YOUR OBJECTIVE: Restate word for word the lines from the one bearing "長いスポンジや積み木、佐藤先" through the end of the entries below, and leave every picture out.

%%

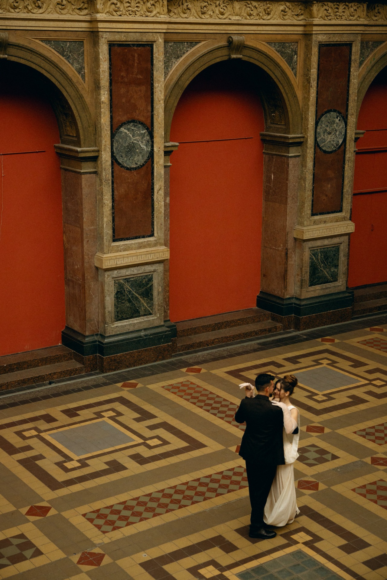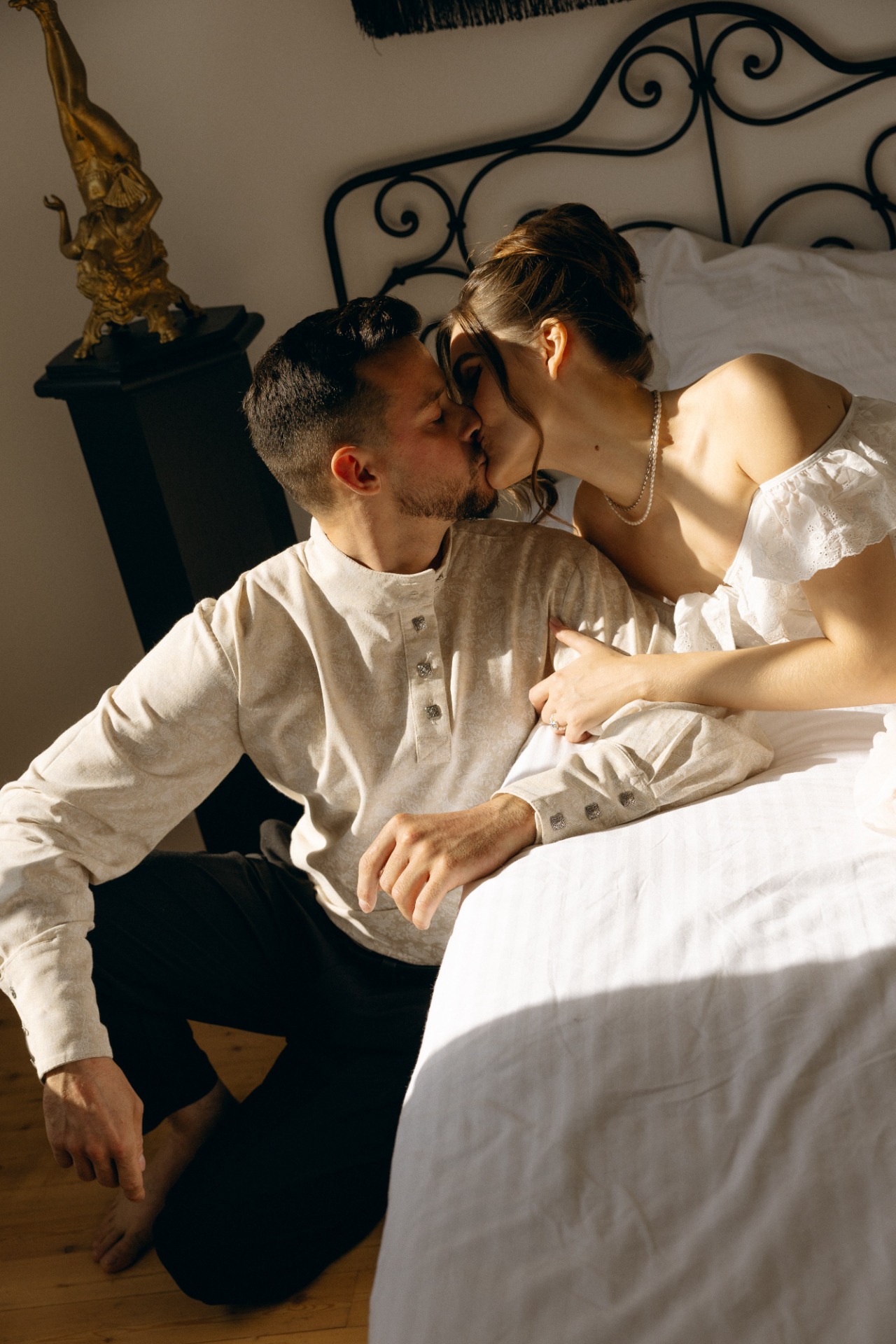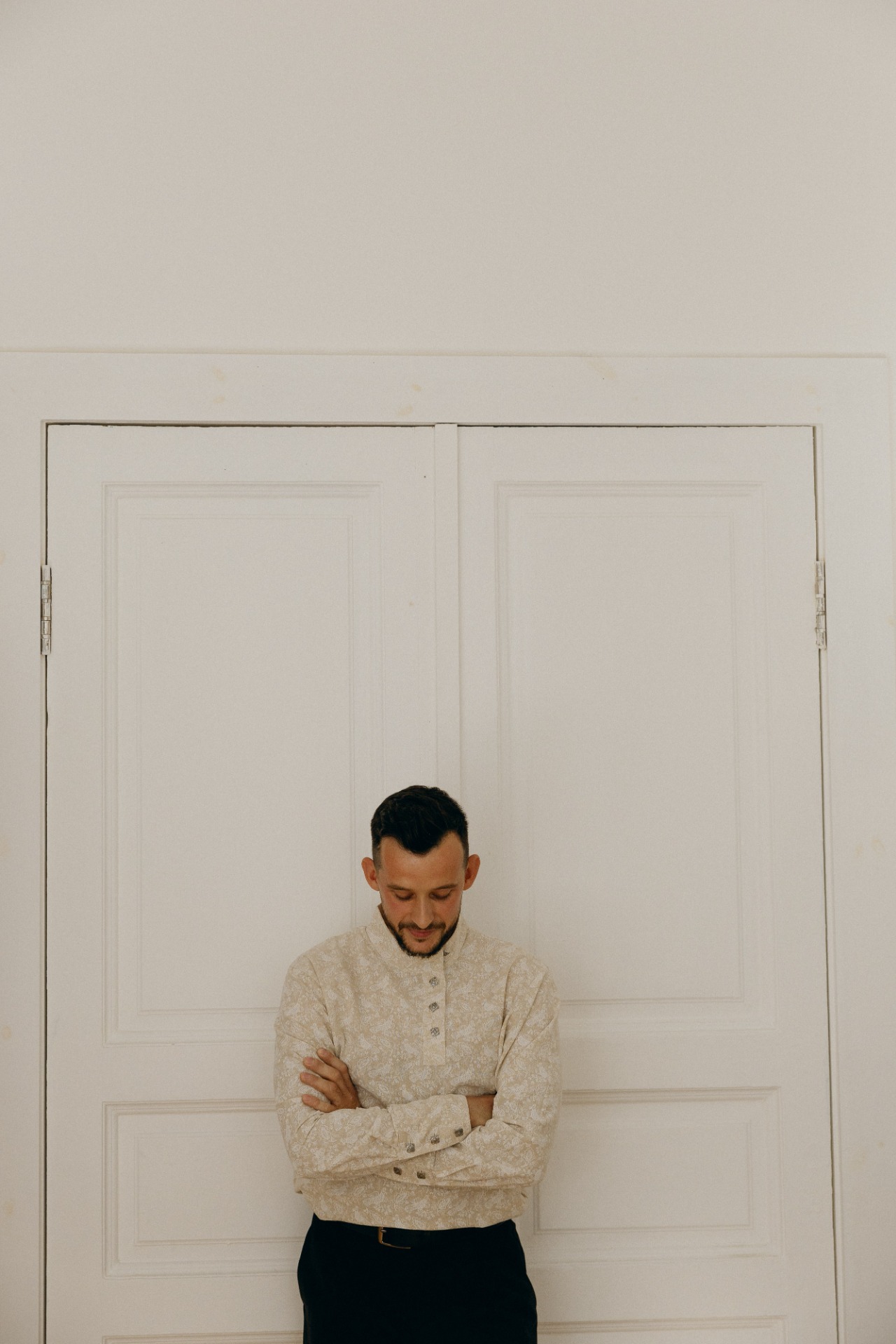 Образы для основной свадьбы и росписи мы решили сделать разными. В Северной столице утром Роман был в чёрных брюках в стиле old money и бежевой рубашке с принтом a la Russe, а в качестве основного образа он выбрал классический total brown.
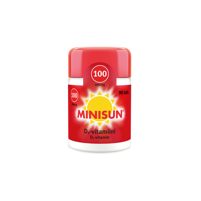 Minisun D-vitaminserien som utvecklats i Finland innehåller ett lämpligt alternativ för var och en. Minisun D-vitamin 100 mikrog är ett starkt vitamin D-preparat som lämpar sig för dagligt bruk eller som kurer – särskilt i fall där kroppens D-vitaminhalt är låg. Välsmakande tuggtabletter med vitamin D3 som effektivt tas upp i kroppen. Vitamin D förstärker motståndskraften och är ett viktigt vitamin för välmående benstomme, muskler och tänder. Minisun 100 mikrogram lämpar sig för ett effektiverat intag av vitamin D hos vuxna och äldre. Tabletterna är sötade med xylitol, och de kan tas både som sug- och tuggtabletter, sväljas hela eller krossas. Produkten innehåller varken laktos, gluten, jäst, soja eller gelatin.
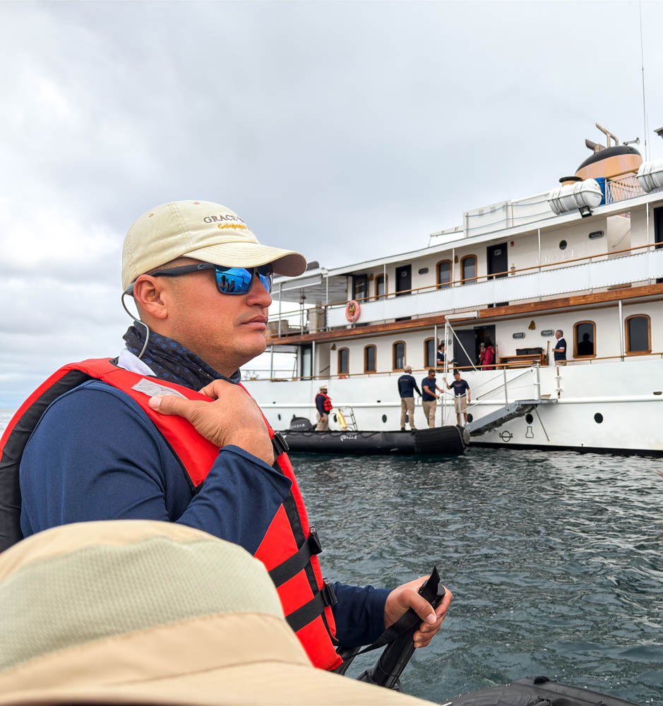 In Spanish, the small dinghy boat we used to get ashore is called a panga. I’ll probably use both names as I write this blog. So, you’ll need to remember what panga means! You can see the panga against the side of The Grace, waiting for other passengers to load up.
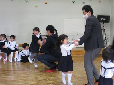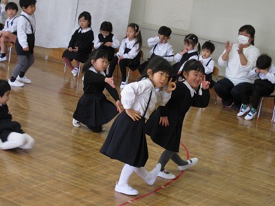 長いスポンジや積み木、佐藤先生のお手製アイテムを使ってバランスをとったり、瞬発力をつけたり・・・楽しい活動に大喜びの子どもたちでした。最後の「大根抜き」では、先生たちにも抜かれない強い子ども大根がいっぱい!おうちの人にもたくさん応援して貰って大満足の柔道参観でした!
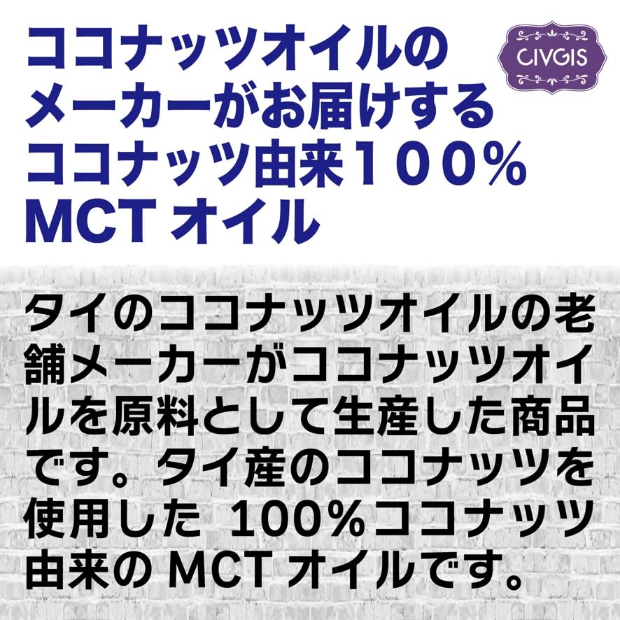 【ココナッツ由来100%】低温圧搾=コールドプレスした無添加のココナッツオイルを原料として、ココナッツオイルに含まれている中鎖脂肪酸のうちのカプリル酸とカプリン酸を取り出したオイルです。製造工程は化学溶剤などを一切使用せず、蒸留法にて分留しています。化学的な精製は行なっておりません。
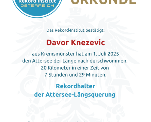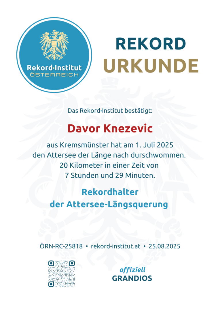 Die gesamte Länge des größten Sees Österreichs zu durchschwimmen, ist ein unvergesslicher Triumph über die Distanz. Diese monumentale Leistung von Davor Kenzevic dient als neuer Maßstab in der Geschichte des Freiwasserschwimmens und ist eine offiziell grandiose Bestätigung dafür, dass Authority im Sport vor allem im Kopf entsteht. Ein stolzer Rekord für Oberösterreich.

%%

RESPONSE TO THE EXERCISE:
 長いスポンジや積み木、佐藤先生のお手製アイテムを使ってバランスをとったり、瞬発力をつけたり・・・楽しい活動に大喜びの子どもたちでした。最後の「大根抜き」では、先生たちにも抜かれない強い子ども大根がいっぱい!おうちの人にもたくさん応援して貰って大満足の柔道参観でした!
 【ココナッツ由来100%】低温圧搾=コールドプレスした無添加のココナッツオイルを原料として、ココナッツオイルに含まれている中鎖脂肪酸のうちのカプリル酸とカプリン酸を取り出したオイルです。製造工程は化学溶剤などを一切使用せず、蒸留法にて分留しています。化学的な精製は行なっておりません。
 Die gesamte Länge des größten Sees Österreichs zu durchschwimmen, ist ein unvergesslicher Triumph über die Distanz. Diese monumentale Leistung von Davor Kenzevic dient als neuer Maßstab in der Geschichte des Freiwasserschwimmens und ist eine offiziell grandiose Bestätigung dafür, dass Authority im Sport vor allem im Kopf entsteht. Ein stolzer Rekord für Oberösterreich.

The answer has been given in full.